The storage medium comprises the 3D hair style library in the ResNet-based hair style recommendation system, which is divided into two parts, wherein one part stores a 3D hair style model and a number and is deployed at a client, the other part stores a corresponding hair style attribute and a number and is deployed at a server, and the server scheduling module is allowed to read and dynamically update the content of the 3D hair style library through an API (application programming interface) of a C language and a MySQL (MySQL structured query language) database.
Example 5
The embodiment provides a computing device, which may be a desktop computer, a notebook computer, a smart phone, a PDA handheld terminal, a tablet computer, or other terminal devices with a display function, and the computing device includes a processor and a memory, where the memory stores one or more programs, and when the processor executes the programs stored in the memory, the ResNet-based hair style recommendation method of embodiment 1 is implemented.
The above embodiments are preferred embodiments of the present invention, but the present invention is not limited to the above embodiments, and any other changes, modifications, substitutions, combinations, and simplifications which do not depart from the spirit and principle of the present invention should be construed as equivalents thereof, and all such changes, modifications, substitutions, combinations, and simplifications are intended to be included in the scope of the present invention.

Claims (10)

1. A ResNet-based hair style recommendation method is characterized by comprising the following steps:
constructing a human face data set for facial feature prediction, and sequentially performing different data preparation operations, wherein the data preparation operations comprise a first data preparation operation, a second data preparation operation, a third data preparation operation, a fourth data preparation operation, a fifth data preparation operation and a sixth data preparation operation;
the first data preparation operation is used for carrying out face detection on a face picture and intercepting an image containing a forehead area, the second data preparation operation is used for adjusting the format of the image to that only a single face exists in a single picture, the third data preparation operation is used for extracting face key points from a face data set by using a digital library, the fourth data preparation operation is used for dividing the human data set into three face data sets of an upper court, an intermediate court and a lower court according to the extracted face key points, the fifth data preparation operation is used for carrying out corresponding label labeling on the diversity data, and the sixth data preparation operation is used for adjusting the pictures of the data sets to be the same size;
preprocessing three face data sets of an upper court, an intermediate court and a lower court, wherein the preprocessing operation is based on a data enhancement expansion data set;
collecting corresponding characteristics of the facial characteristics and hair style attributes, establishing a mapping table of the facial characteristics and the hair style attributes, and dividing the facial characteristics into five indexes of upper court length, upper court width, middle court length, eye spacing and face shape;
training by adopting a ResNet neural network based on three face data sets of an upper court, an intermediate court and a lower court to respectively obtain a model for predicting the length of the upper court and the width of the upper court, a model for predicting the length of the intermediate court and the inter-ocular distance and a model for predicting the face shape;
classifying and predicting the facial features of the human face according to the model obtained by training, and giving a result of hair style recommendation attributes according to the facial features and a hair style attribute mapping table;
establishing a hair style library, marking hair style attributes for each hair style and numbering;
according to the result of model recommendation, searching in a hair style library to obtain a recommended hair style number;
and replacing the actual hair style of the user by using an augmented reality technology according to the recommended hair style to preview the hair style.

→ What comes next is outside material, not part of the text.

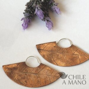 Estos aros en forma de abanico destacan por su textura realista inspirada en las hojas del bosque esclerófilo. Una hermosa combinación entre el cálido brillo del cobre y un diseño que imita con precisión la superficie natural de una hoja, como si hubiese sido tomada directamente de un árbol de cobre en otoño.
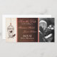 Diese Save the Date Hochzeitsfotos sind mit einem fantasievollen Vogelkäfig mit Wirbel und einem rosa Herz versehen, und zwei niedlichen Vögeln, in Schokoladenbraun, hängen an einem Elfenbeinhintergrund, texturiert mit verblasster Handschrift. Ein glänzendes, blassrosa Band trennt einen schokoladenbraunen Sidebar, der den Wortlaut der Hochzeitseinladung in Elfenbein und Rosa enthält. Die Einladungsworte, in abwechselnden Skripten und klassischen Serif-Schriftart, sowie das Foto der Verlobung von Paaren sind vollständig anpassbar.

2. The ResNet-based hair style recommendation method according to claim 1, wherein the first data preparation operation performs face detection on a face picture, and intercepts an image containing a forehead area, and the specific steps include:
detecting and framing a face area of the face picture by adopting OpenCV;
and intercepting and storing the frame selection area as a new face picture.
3. The ResNet-based hair style recommendation method according to claim 1, wherein the fourth data preparation operation divides the human data set into three face data sets of upper court, middle court and lower court according to the extracted face key points, and comprises the following specific steps:
the third data preparation operation performs extraction of face key points, extracts 68 points of the face features,
extracting 68 eyebrow peak points and nose tip points in the individual face characteristic points;
making two horizontal lines according to the points of the highest point of the eyebrow and the tip of the nose;
dividing the face into an upper part, a middle part and a lower part according to two horizontal lines;
and cutting the image, and dividing the original face data set into three face data sets which are respectively an upper court, an atrium and a lower court.
4. The ResNet-based hair style recommendation method according to claim 1, wherein said preprocessing operation is based on data enhancement to expand a data set, and the specific steps of said data enhancement comprise: small-angle rotation, plane turnover, picture translation, brightness adjustment and contrast stretching.
5. The ResNet-based hair style recommendation method according to claim 1, wherein the facial features are divided into five indexes of upper court length, upper court width, middle court length, eye spacing and face type, and the face type comprises a square face, an oval face, a long face and a round face.
6. The ResNet-based hair style recommendation method according to claim 1, wherein the step of previewing the hair style by replacing the actual hair style of the user with an augmented reality technology according to the recommended hair style comprises the following specific steps:
building a 3D environment, and rendering a 3D hairstyle view;
rotation and translation of a hairstyle are realized based on an accelerometer of an Android smart phone;
realizing free switching of hair styles based on the icon control under an Android frame;
and combining the camera rendering view and the hairstyle rendering view under the Android framework in combination with face feature point detection.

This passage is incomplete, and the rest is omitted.